Alice Coombs, MD, a critical care specialist and anesthesiologist from Sharon, Mass., who is president of the Massachusetts Medical Society, said she wasn't sure what the merger would mean to Massachusetts physicians. She said it could change the balance of power during contract negotiations between the new combined entity and hospitals and physicians, giving the insurer more clout.
On the other hand, "It may help Blue Cross Blue Shield to see there's another entity that's growing and looking to gain even greater market share," Dr. Coombs said. "That is going to introduce competition."
Based on the most recent market concentration analysis from the American Medical Association, which is based on Jan. 1, 2007, survey data reported by HealthLeaders-Interstudy, Blue Cross Blue Shield of Massachusetts had 63% market share for PPO and HMO plans across the state. Tufts had the next-highest market share statewide, with 13%.
A Blues statement about the potential merger said, "At a time when hospitals and physicians are consolidating, it's not surprising that some health plans would consider consolidation to try to achieve parity with provider groups."
Other states also have seen health plan merger activity.
Blue Cross Blue Shield of Delaware recently announced its intention to affiliate with the much larger Blues plan Highmark, based in Pittsburgh.
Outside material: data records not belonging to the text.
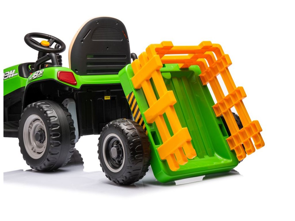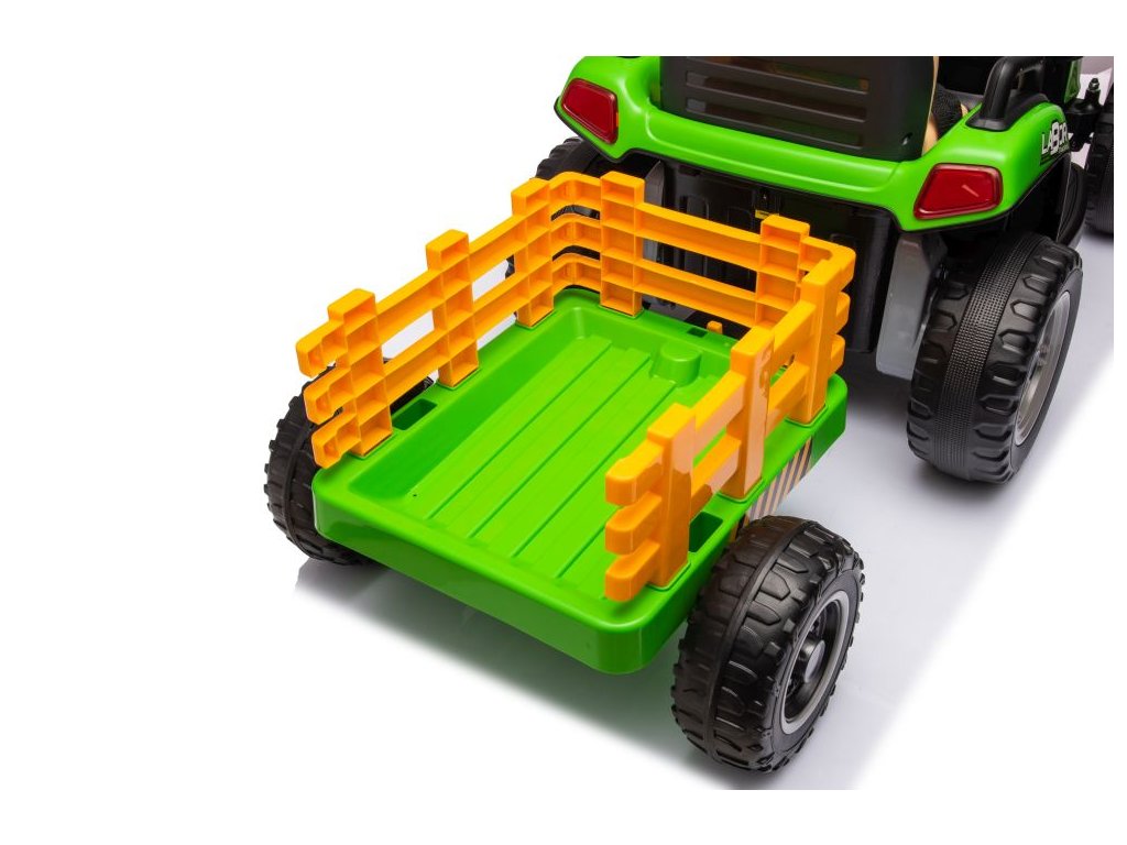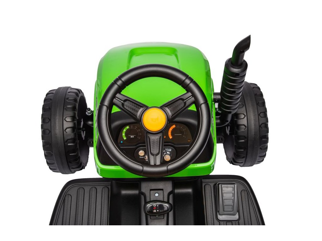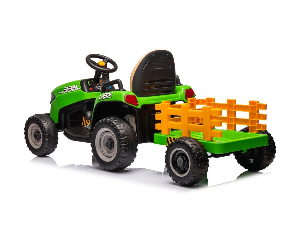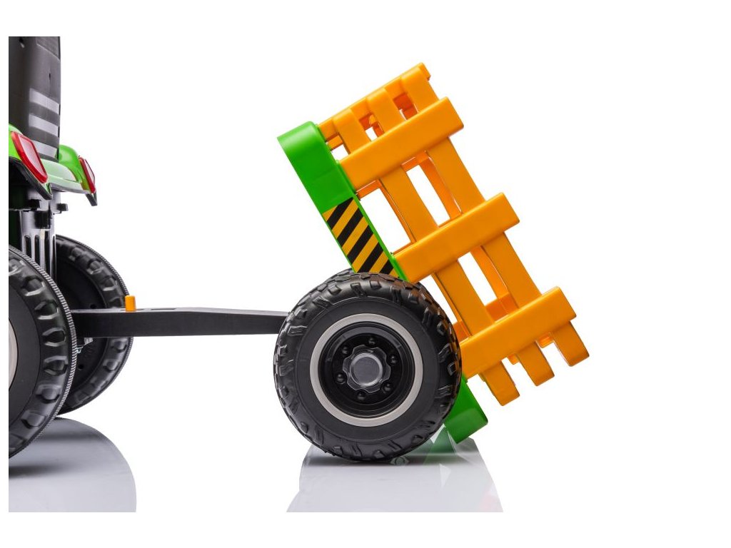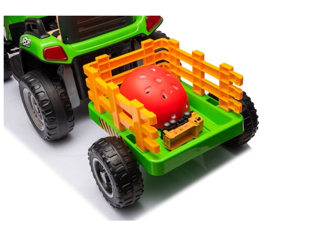 Dětský elektrický traktor s přívěsem má dva velmi výkonné motory 45W a baterii s kapacitou 12V 7Ah. Traktor má přední LED světla a hudební panel se vstupem Bluetooth. Maximální nosnost traktoru je 30 kg.
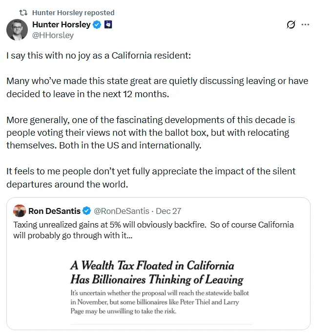 Castle Island Ventures创始合伙人Nic Carter和ProCap BTC首席投资官Jeff Park也认为,这一税收将促使亿万富翁将资本撤出加州。
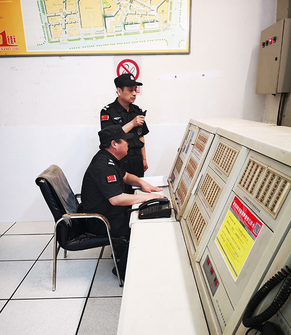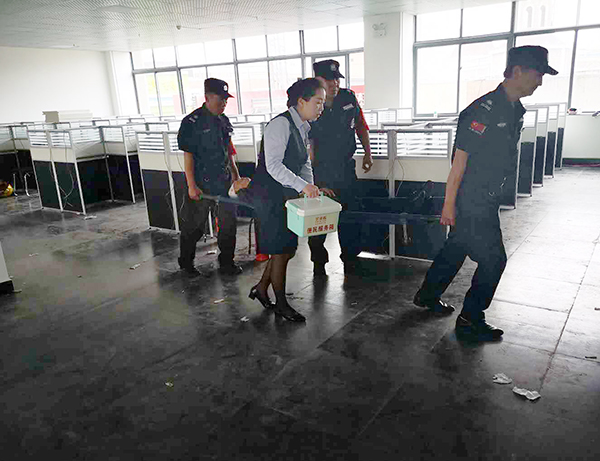 演習中,工作人員發現“火情”,監控室接到火情警報,呼叫巡邏崗確認火情之后立即啟動消防應急預案,消防員迅速跑步到現場,進行滅火。
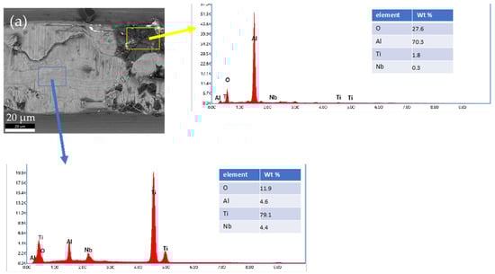EDS analysis of a selected area of new Alloclassic taper. (a) BE image of the area. Yellow box indicates the remnants of Al2O3 (corundum) of micro-threaded blaster finishing, and blue box shows the matrix Ti6Al7Nb alloy.
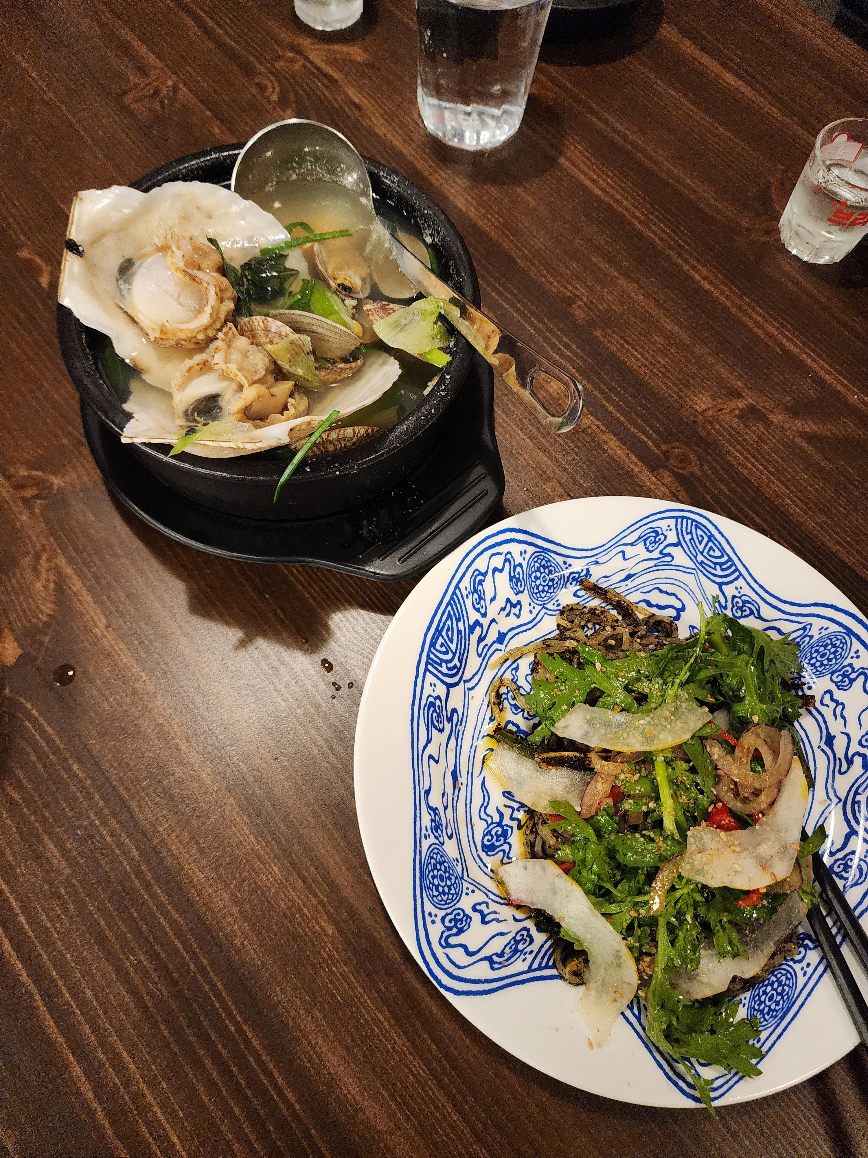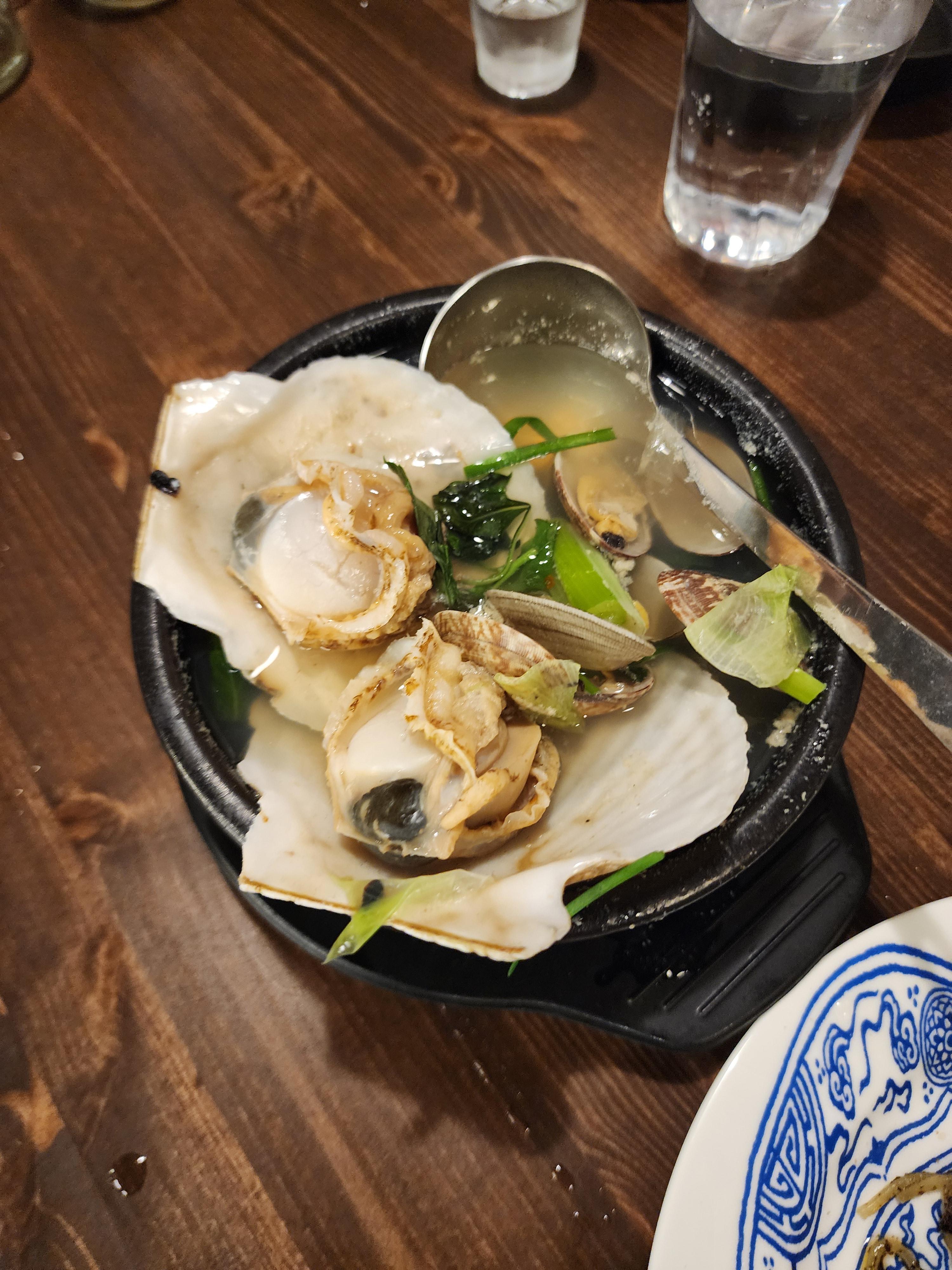 조개찜이 나왔고 큼직한 조개들이 위에 올라가있는데

In 2010, Coventry Heath Care, based in Bethesda, Md., purchased two nonprofit Catholic hospital-owned health plans in the Midwest.
Those deals weren't credited to reform but are the kind of merger experts say will become more common.
Antitrust regulators have said they will look closely at health plan mergers, however. Blue Cross Blue Shield of Michigan in 2010 withdrew its bid to buy a Lansing-based, hospital-owned HMO after the U.S. Dept. of Justice and the Michigan Attorney General's Office made clear they would attempt to block the deal.